Sec. 101.206. PROHIBITED DISTRIBUTION; DUTY TO RETURN. (a) Unless the distribution is made in compliance with Chapter 11, a limited liability company may not make a distribution to a member of the company if, immediately after making the distribution, the company's total liabilities, other than liabilities described by Subsection (b), exceed the fair value of the company's total assets.
(b) For purposes of Subsection (a), the liabilities of a limited liability company do not include:
(1) a liability related to the member's membership interest; or
(2) except as provided by Subsection (c), a liability for which the recourse of creditors is limited to specified property of the company.
(c) For purposes of Subsection (a), the assets of a limited liability company include the fair value of property subject to a liability for which recourse of creditors is limited to specified property of the company only if the fair value of that property exceeds the liability.
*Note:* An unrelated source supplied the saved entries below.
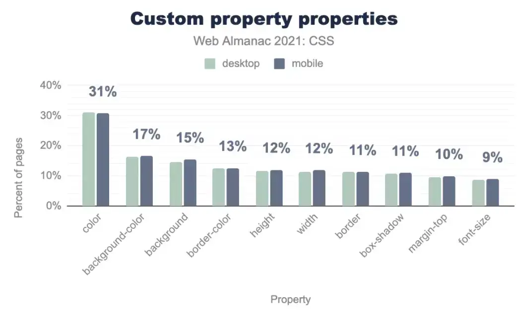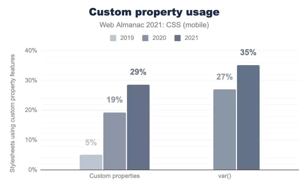 图片今年,28.6% 的移动页面和 28.3% 的桌面页面定义了自定义属性(也就是CSS变量)。并且,35.2% 的移动页面和 35.6% 的桌面页面包含至少一个var()值。
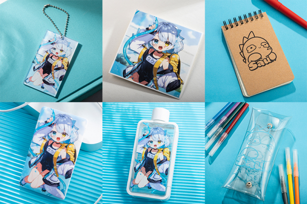 イラストレーター『のいみね』さん書きおろしのイラストを使用したモバイルバッテリーやアクリルキーホルダーなど、計6種のオリジナルグッズは、2023年9月7日までの期間限定で販売しております。
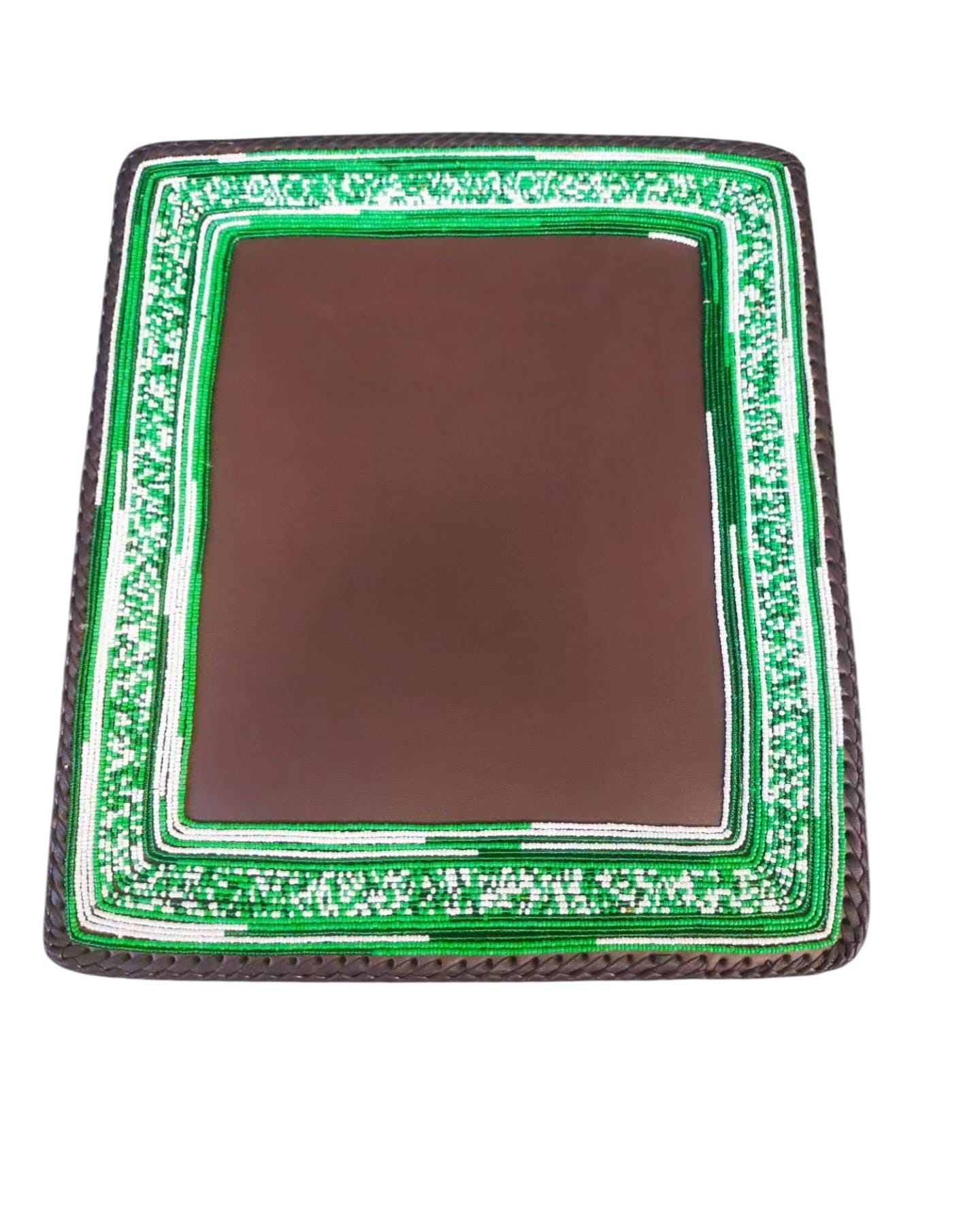 This magnificent rectangular placemat is a stunning fusion of traditional African artistry and functional design. Expertly handcrafted, it features a premium, rich brown leather center bordered by intricate Maasai-inspired beadwork in a vibrant green and white geometric pattern. The edges are finished with a sophisticated braided leather trim, ensuring both durability and a polished aesthetic. Beyond its beauty, this placemat serves as a protective and heat-resistant barrier for your dining surfaces, bringing an authentic ethnic flair to your home decor or special event table settings. Elevate your dining experience and celebrate artisan craftsmanship by adding this exquisite piece to your collection today.
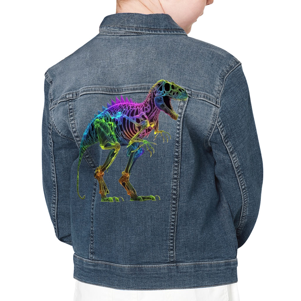 Cool Dinosaur Kids’ Denim Jacket – Graphic Jean Jacket – Illustration Denim Jacket for Kids
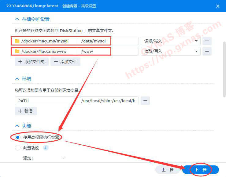 11、【使用docker-compose安装的,跳过此步骤】把第3个步骤建立的mysql和www两个子文件夹,分别映射到容器的/data/mysql和/www这两个路径(权限为读取/定入),映射路径不可以改,改用“使用高权限执行容器”,下一步;
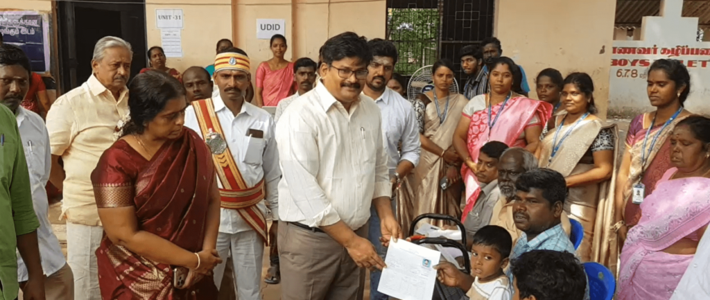 திருவாரூரில் நடைபெற்ற நலம் காக்கும் ஸ்டாலின் உயர் மருத்துவ சேவை முகாமில் மாற்றுத்திறனாளிகளுக்கு தேசிய அடையாள அட்டையிணை திருவாரூர் மாவட்ட ஆட்சியர் மோகனச்சந்திரன் வழங்கினார்.
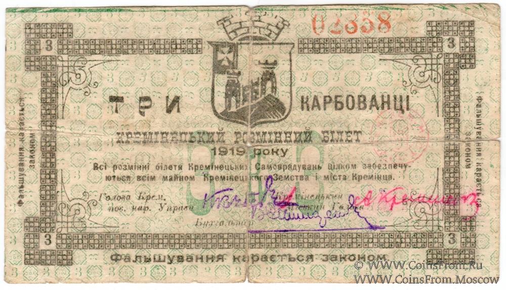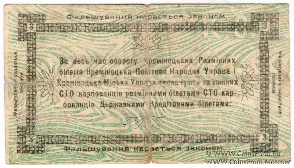 Разменный билет. Номер красный. Уездная Народная Управа и Кременецкая Городская управа.
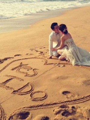 在婚礼前夕,向来低调的陈赫也曝出普吉岛浪漫婚纱照。
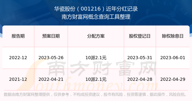 華瓷股份最新一次公布的分紅方案為10派2.1元。本次權(quán)益分派股權(quán)登記日為2023年5月31日,除權(quán)除息日為2023年6月1日,派息日為2023年6月1日。
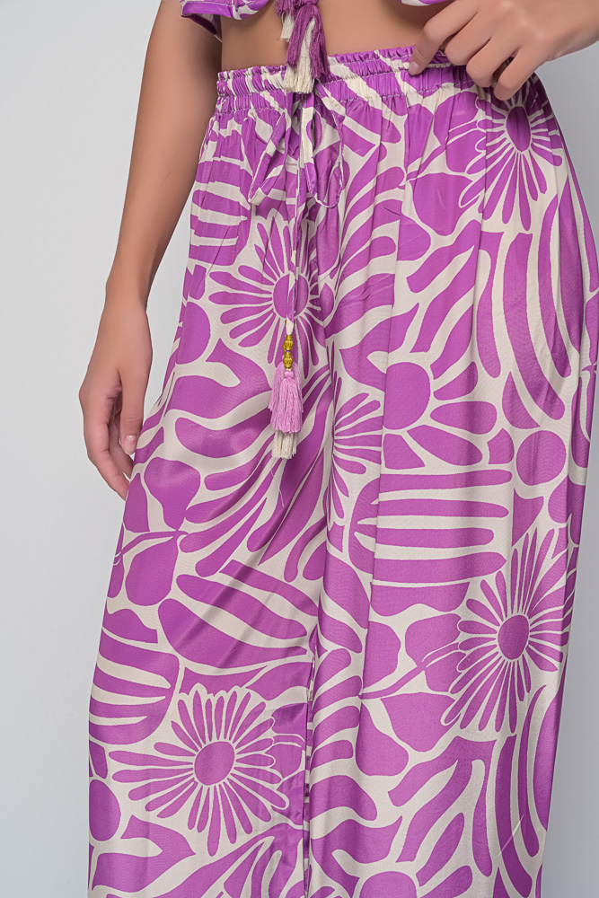 Featuring an elasticated waist with adjustable drawstring and wide legs for a relaxed fit, these trousers balance ease with refined style. The Margaret Purple Print combines soft yellows, orange, and coral tones in a joyful pattern that brightens any look.
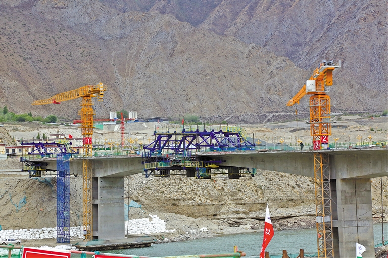 建設(shè)中的廣東援藏項目—朗縣惠州大橋。
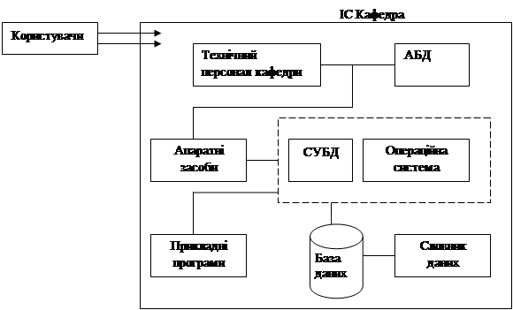 ІС “Кафедра” призначена для отримання інформації про фактичний рух студентських груп, співробітників кафедри у деякому вищому навчальному закладі.
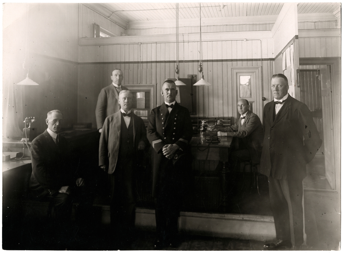 Stationsinspektor Gustaf Dahlström med personal i Linköpings fraktgodsexpedition.
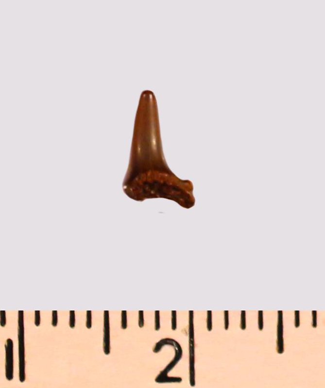 Зуб. Акула. Odontaspis striatula Dalinkevicius, 1935. Классификация: Хордовые Chordata, Позвоночные Vertebrata, Хрящевые рыбы Chondrichthyes, Пластиножаберные Elasmobranchii

(c-1) For purposes of this section, the determination of the amount of a limited liability company's liabilities or the value of a company's assets may be based on:
(1) financial statements of the company, which may include the financial statements of subsidiary entities or other entities accounted for on a consolidated basis or on the equity method of accounting, that:
(A) present the financial condition of the company and any subsidiary or other entities included in those financial statements, in accordance with generally accepted accounting principles or international financial reporting standards; or
(B) have been prepared using the method of accounting used to file the company's federal income tax return or using any other accounting practices and principles that are reasonable under the circumstances;
(2) financial information, including condensed or summary financial statements, that is prepared on the same basis as financial statements described by Subdivision (1);
(3) projections, forecasts, or other forward-looking information relating to the future economic performance, financial condition, or liquidity of the company that is reasonable under the circumstances;
(4) a fair valuation or information from any other method that is reasonable under the circumstances; or
(5) a combination of a statement, valuation, or information authorized by this subsection.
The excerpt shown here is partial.